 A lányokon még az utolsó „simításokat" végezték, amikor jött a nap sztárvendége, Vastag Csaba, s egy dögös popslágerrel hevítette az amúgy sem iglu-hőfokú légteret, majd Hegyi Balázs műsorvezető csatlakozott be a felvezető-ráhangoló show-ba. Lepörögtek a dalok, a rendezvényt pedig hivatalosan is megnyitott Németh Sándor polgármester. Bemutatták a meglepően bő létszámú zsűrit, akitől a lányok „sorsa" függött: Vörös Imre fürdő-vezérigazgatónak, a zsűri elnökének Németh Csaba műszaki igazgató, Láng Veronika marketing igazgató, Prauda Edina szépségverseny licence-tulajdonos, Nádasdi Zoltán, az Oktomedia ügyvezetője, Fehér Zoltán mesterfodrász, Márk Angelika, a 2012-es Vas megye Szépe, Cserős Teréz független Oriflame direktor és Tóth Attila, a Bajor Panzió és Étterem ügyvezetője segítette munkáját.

------------------------------

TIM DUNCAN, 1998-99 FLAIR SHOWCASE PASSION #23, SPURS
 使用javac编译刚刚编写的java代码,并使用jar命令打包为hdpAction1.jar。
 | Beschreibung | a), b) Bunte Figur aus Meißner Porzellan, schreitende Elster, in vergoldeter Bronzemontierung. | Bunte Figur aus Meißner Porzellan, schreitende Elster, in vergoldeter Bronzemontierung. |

------------------------------

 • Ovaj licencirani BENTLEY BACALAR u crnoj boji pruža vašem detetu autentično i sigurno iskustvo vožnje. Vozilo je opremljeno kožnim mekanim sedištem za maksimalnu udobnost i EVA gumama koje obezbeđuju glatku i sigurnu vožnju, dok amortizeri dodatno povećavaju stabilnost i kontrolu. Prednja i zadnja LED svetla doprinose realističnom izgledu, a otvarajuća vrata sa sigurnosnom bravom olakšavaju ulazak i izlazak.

------------------------------

What to work on
Would you retype exactly the lines above, from the line with "TIM DUNCAN, 1998-99" to the line with "a), b) Bunte", with both end lines kept and nothing more?

Written reply
TIM DUNCAN, 1998-99 FLAIR SHOWCASE PASSION #23, SPURS
 使用javac编译刚刚编写的java代码,并使用jar命令打包为hdpAction1.jar。
 | Beschreibung | a), b) Bunte Figur aus Meißner Porzellan, schreitende Elster, in vergoldeter Bronzemontierung. | Bunte Figur aus Meißner Porzellan, schreitende Elster, in vergoldeter Bronzemontierung. |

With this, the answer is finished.